You are in favor of your religious beliefs—which you claim cannot be separated from your company—setting the parameters for what can and cannot be included in insurance coverage.  That sure feels a lot too much like imposing your beliefs on those of others.  And, for me, that’s too close to the Chinese government imposing its beliefs on the beliefs of its people.

Being such a Christian company, I’m sure you’ve figured out how to reconcile doing business with a country that marginalizes women, restricts a family’s right to choose how many children it will have, lets workers work in factories with slave-like conditions, and imprisons those who claim to be Christians.  Maybe you’ve confused turn the other cheek with turn a blind eye…

Perhaps since my last visit there you’ve stopped doing business with your Chinese partners.   If so, good for you!  I wouldn’t know that, because, like I said, I’m not too artsy-craftsy and I won’t be heading back to your store to see what the bottom of those Santas say.

But if you haven’t, then, I’ll repeat, I can’t quite reconcile your willingness to buy products from a country that obviously rejects your religious beliefs while being unwilling to let your employees reject yours—unless you like the idea that you and the Chinese government hold similar beliefs about the rights of workers.  There is that to consider.

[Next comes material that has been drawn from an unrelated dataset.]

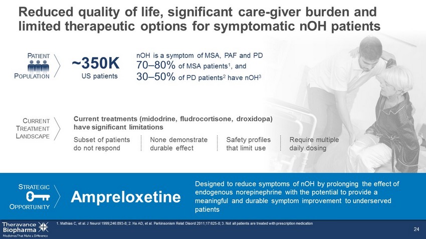 Reduced quality of life, significant care - giver burden and limited therapeutic options for symptomatic nOH patients 24 1. Mathias C, et al. J Neurol 1999;246:893 - 8; 2. Ha AD, et al. Parkinsonism Relat Disord 2011;17:625 - 8; 3. Not all patients are treated with prescription medication P ATIENT P OPULATION US patients ~350K Current treatments (midodrine, fludrocortisone, droxidopa) have significant limitations Subset of patients do not respond None demonstrate durable effect Safety profiles that limit use Require multiple daily dosing nOH is a symptom of MSA, PAF and PD 70 – 80% of MSA patients 1 , and 30 – 50% of PD patients 2 have nOH 3 S TRATEGIC O PPORTUNITY Ampreloxetine Designed to reduce symptoms of nOH by prolonging the effect of endogenous norepinephrine with the potential to provide a meaningful and durable symptom improvement to underserved patients C URRENT T REATMENT L ANDSCAPE

What I’m hoping you’ll do next is show some good judgement here, better judgement than what I think we saw from five of the Justices today.  Now that the Supreme Court has said it’s your choice, please make the choice that respects your female employees’ rights. Please say “Gotcha!” and show the nation that there really is a distinct difference in the respect of individual rights between China and Hobby Lobby.  Stand up and say you wanted the right to make a choice and now that you have it, you will extend the same right to your employees.

That might get me back through your door, because, after all, those Santa Clauses and Easter bunnies you sell to mark those holy days really are great.